2. Is your foreign income assessable in Australia?
No.
3. Is the lump sum payment in regards to your separation agreement assessable income?
No.
This ruling applies for the following periods:
Year ended 30 June 2013
Year ending 30 June 2014
Year ending 30 June 2015
Year ending 30 June 2016
Year ending 30 June 2017
Year ending 30 June 2018
The scheme commenced on:
1 July 2012
Relevant facts and circumstances
You were born in and are a citizen of Country X.
You moved to Australia several years ago and became an Australian citizen.
You separated from your Australian spouse in the relevant year and since then have been travelling around the world. You have earned foreign income while you have been overseas.
You are currently still travelling but you ultimately plan to return to Country X.
You entered into a legally binding court approved separation agreement with your former spouse.
Under the terms of the separation agreement, your former spouse will pay you a lump sum amount by way of final settlement.
Relevant legislative provisions:
Income Tax Assessment Act 1997 Section 6-5.
Income Tax Assessment Act 1936 Section 6(1).
Reasons for decision
Residency for tax purposes
Generally where you are a resident of Australia for taxation purposes, your assessable income includes income gained from all sources, whether in or out of Australia. However, where you are a foreign resident, your assessable income includes only income derived from an Australian source.
The terms 'resident' and 'resident of Australia', in regard to an individual, are defined within the tax provisions and provides four tests to ascertain the residency status.
Relevant to your situation are the first two tests which are examined in Taxation Ruling IT 2650 Income Tax: Residency - permanent place of abode outside Australia, a copy of which is available from www.ato.gov.au.
Given regard to your circumstances as a whole and a consideration of the relevant residency tests, it is accepted that you are not a resident of Australia for tax purposes from the time you departed Australia.
Assessability of foreign income
Subsection 6-5(3) of the Income Tax Assessment Act 1997 (ITAA 1997) states:
If you are a foreign resident, your assessable income includes:
(a) the ordinary income you derived directly or indirectly from all Australian sources during the income year; and
(b) other ordinary income that a provision includes in your assessable income for the income year on some basis other than having an Australian source.
As explained above, you are not a resident of Australia for tax purposes, therefore only the income you derive from Australian sources is assessable in Australia. The income you earn outside of Australia is not assessable in Australia and does not need to be included in your income tax return.

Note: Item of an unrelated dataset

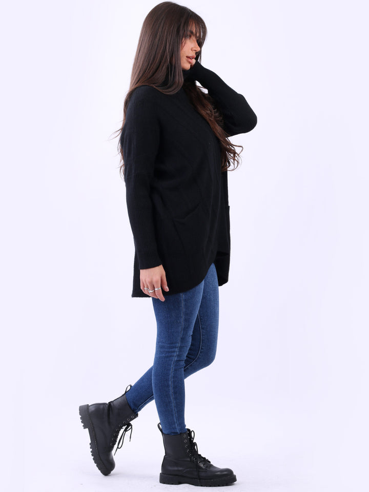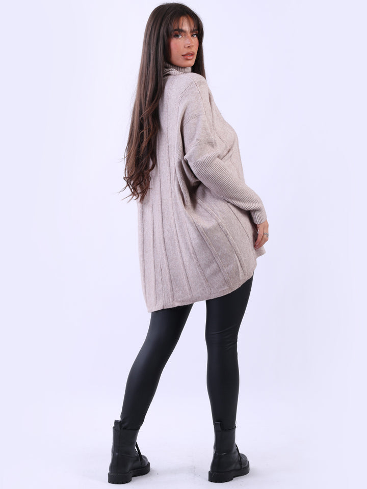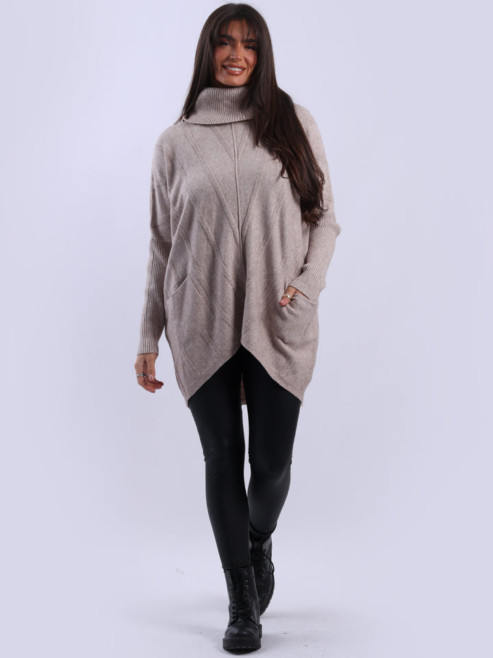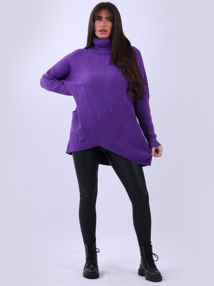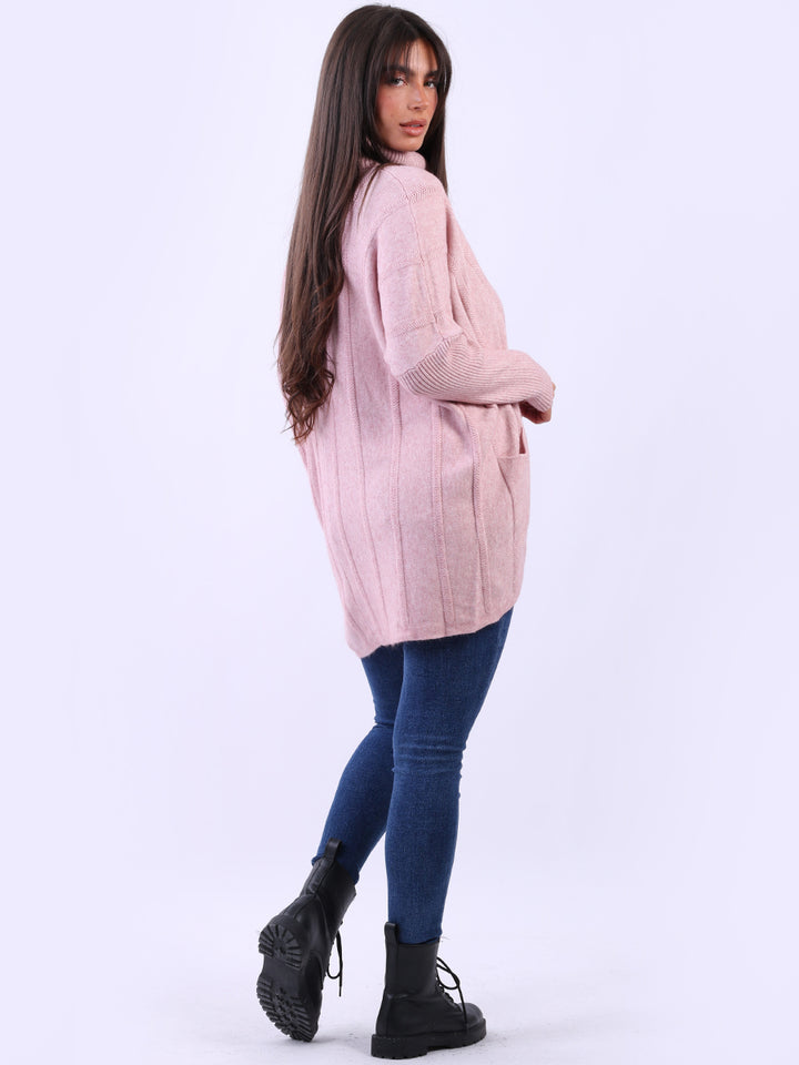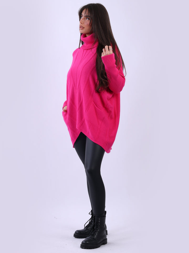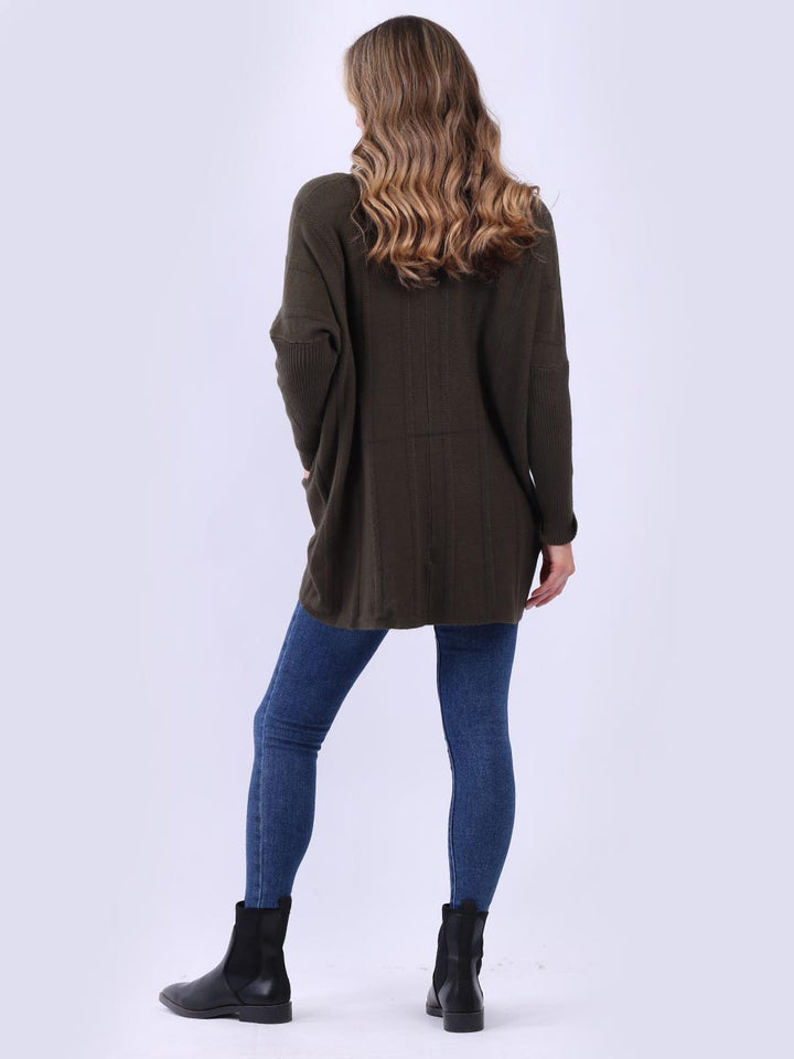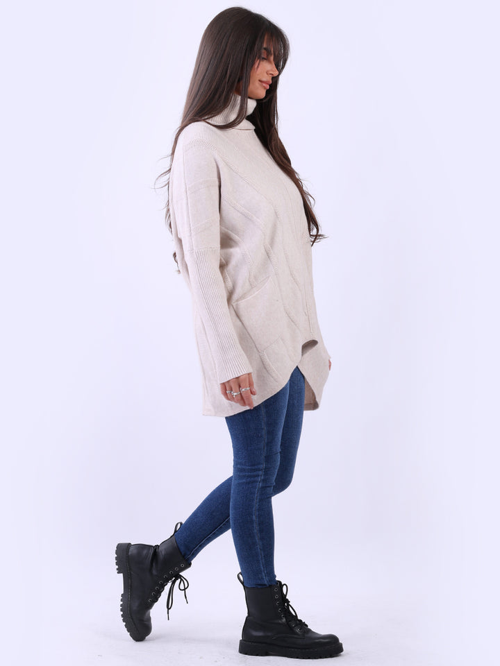 Clothes and jackets that impress and set a high standard for the ladies. Redwholesale loose fitted cable knit jumper has finest fabric that is chic and trendy with lush and characteristic cowl neckline, lagenlook plus size fit with functional front pockets and long sleeves. Earthy colors and bold finish that is highlight of the dressing up.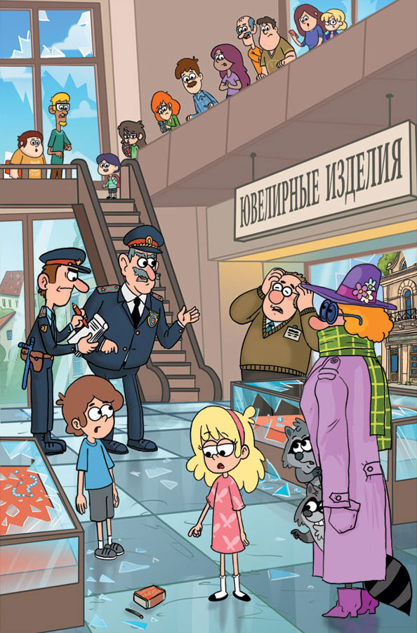 Ребята, решив не спорить с полицией, поспешно ушли. Покачивающаяся дамочка, состоящая из трёх енотов, заковыляла за ними следом.

Assessablity of payment under separation agreement
Ordinary income
Subsection 6-5(2) of the ITAA 1997 provides that the assessable income of a resident taxpayer includes ordinary income derived directly or indirectly from all sources during the income year.
Ordinary income has generally been held to include three categories, namely, income from rendering personal services, income from property and income from carrying on a business.
Other characteristics of income that have evolved from case law include receipts that:
· are earned
· are expected
· are relied upon, and
· have an element of periodicity, recurrence or regularity.
In your case, under the terms of the separation agreement, your former spouse will pay you a lump sum amount by way of final settlement. This payment does not have the characteristics of ordinary income as it has not been earned although it is expected and perhaps relied upon it does not have an element of periodicity, recurrence or regularity.
Accordingly, the lump sum payment you will receive is not ordinary income and therefore not assessable under section 6-5 of the ITAA 1997.
Statutory income - capital gains tax
Section 102-20 ITAA 1997 provides that you can only make a capital gain or loss if a capital gains tax (CGT) event happens to a CGT asset. Subsection 108-5(1)(b) of the ITAA 1997 specifically includes a legal or equitable right that is not property within the definition of a CGT asset.
Under section 104-25 of the ITAA 1997, CGT event C2 occurs if your ownership of an intangible CGT asset ends in certain ways, such as by the cancellation, surrender or similar endings.
In your case, when you accepted the settlement terms of the separation agreement, which includes the agreement to accept a lump sum payment from your former spouse, you acquired a right to receive this payment.
When you receive the lump sum payment from your former spouse, your ownership of this asset (right to receive a lump sum payment) will end by the asset being released or surrendered. Therefore, under subsection 104-25(1) of the ITAA 1997, CGT event C2 will occur.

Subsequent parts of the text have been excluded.